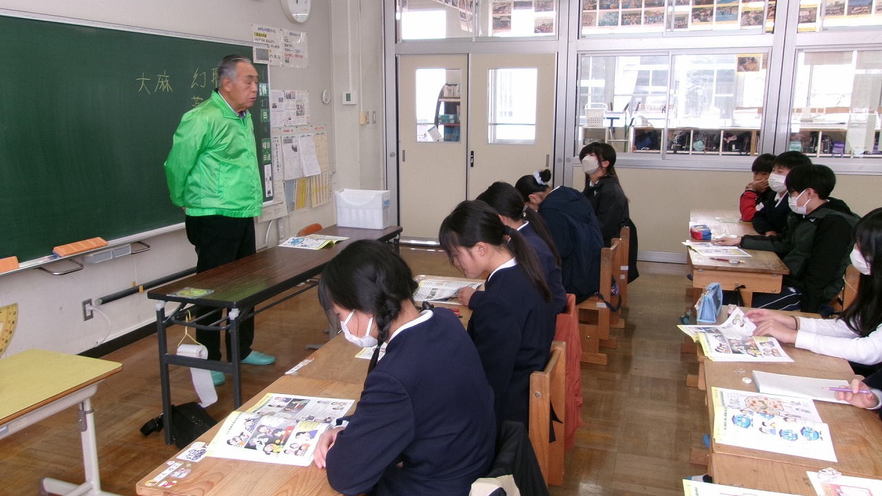 城東地域をめぐる”ふるさと探訪”。地域の自治会の方々に来ていただき、自分たちの住む城東地域の歴史について学習しました。
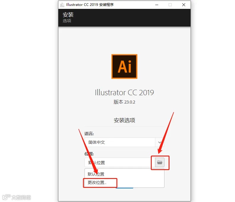 6.点击右下角灰色的小文件夹图标,然后点击【更改位置】设置软件安装路径,此处选择安装到了E盘。
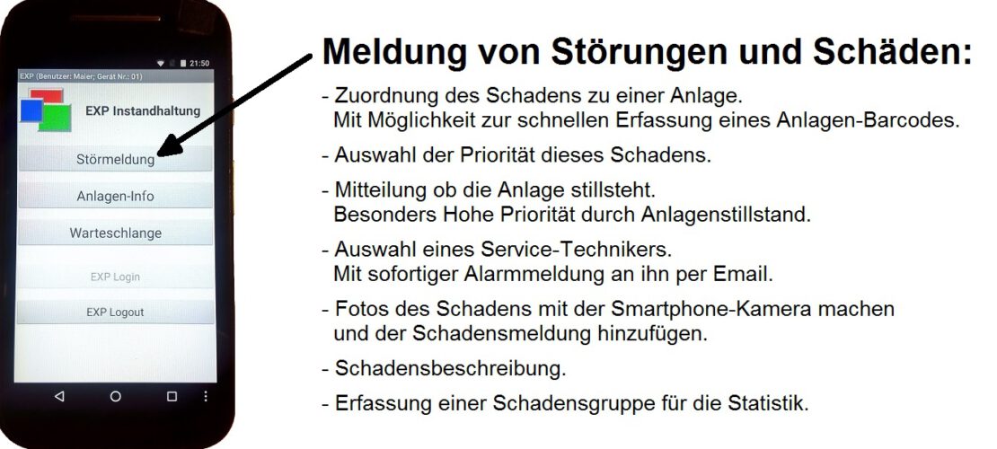 Mit dem EXP-Wartungsplaner können nicht nur Prüftermine verwaltet werden, sondern auch wiederkehrende Wartungsarbeiten, geplante Reparaturen und ungeplante Reparaturen. Außerdem können über verschiedene Wege Anlagenstörungen gemeldet werden. Zum Beispiel können Sie mit unserer App für Smartphone und Tablet Störungen mit allen notwendigen Daten erfassen und gleich mit dem mobilen Gerät ein oder mehrere Fotos der Anlagenstörung hinzufügen. Die Stördaten inkl. der Fotos werden dann von der App zum EXP-Wartungsplaner übertragen. Sofort wird vom EXP-Wartungsplaner eine oder mehrere Alarm-Email an vorab definierte Emailadressen versandt. Die Störungsmeldung wird im EXP-Wartungsplaner in der Anlagenhistorie gespeichert und ist für diverse Auswertungen und Dokumentationen verfügbar. Diese App kann sich z.B. jeder Ihrer Instandhaltungsmitarbeiter auf seinem mobilen Gerät installieren.

EXERCISE DETAILS: Could you set down, exactly as written, every line from the one with "6.点击右下角灰色的小文件夹" to the end of the data, both ends included? Leave out the pictures.

EXERCISE RESULT:
 6.点击右下角灰色的小文件夹图标,然后点击【更改位置】设置软件安装路径,此处选择安装到了E盘。
 Mit dem EXP-Wartungsplaner können nicht nur Prüftermine verwaltet werden, sondern auch wiederkehrende Wartungsarbeiten, geplante Reparaturen und ungeplante Reparaturen. Außerdem können über verschiedene Wege Anlagenstörungen gemeldet werden. Zum Beispiel können Sie mit unserer App für Smartphone und Tablet Störungen mit allen notwendigen Daten erfassen und gleich mit dem mobilen Gerät ein oder mehrere Fotos der Anlagenstörung hinzufügen. Die Stördaten inkl. der Fotos werden dann von der App zum EXP-Wartungsplaner übertragen. Sofort wird vom EXP-Wartungsplaner eine oder mehrere Alarm-Email an vorab definierte Emailadressen versandt. Die Störungsmeldung wird im EXP-Wartungsplaner in der Anlagenhistorie gespeichert und ist für diverse Auswertungen und Dokumentationen verfügbar. Diese App kann sich z.B. jeder Ihrer Instandhaltungsmitarbeiter auf seinem mobilen Gerät installieren.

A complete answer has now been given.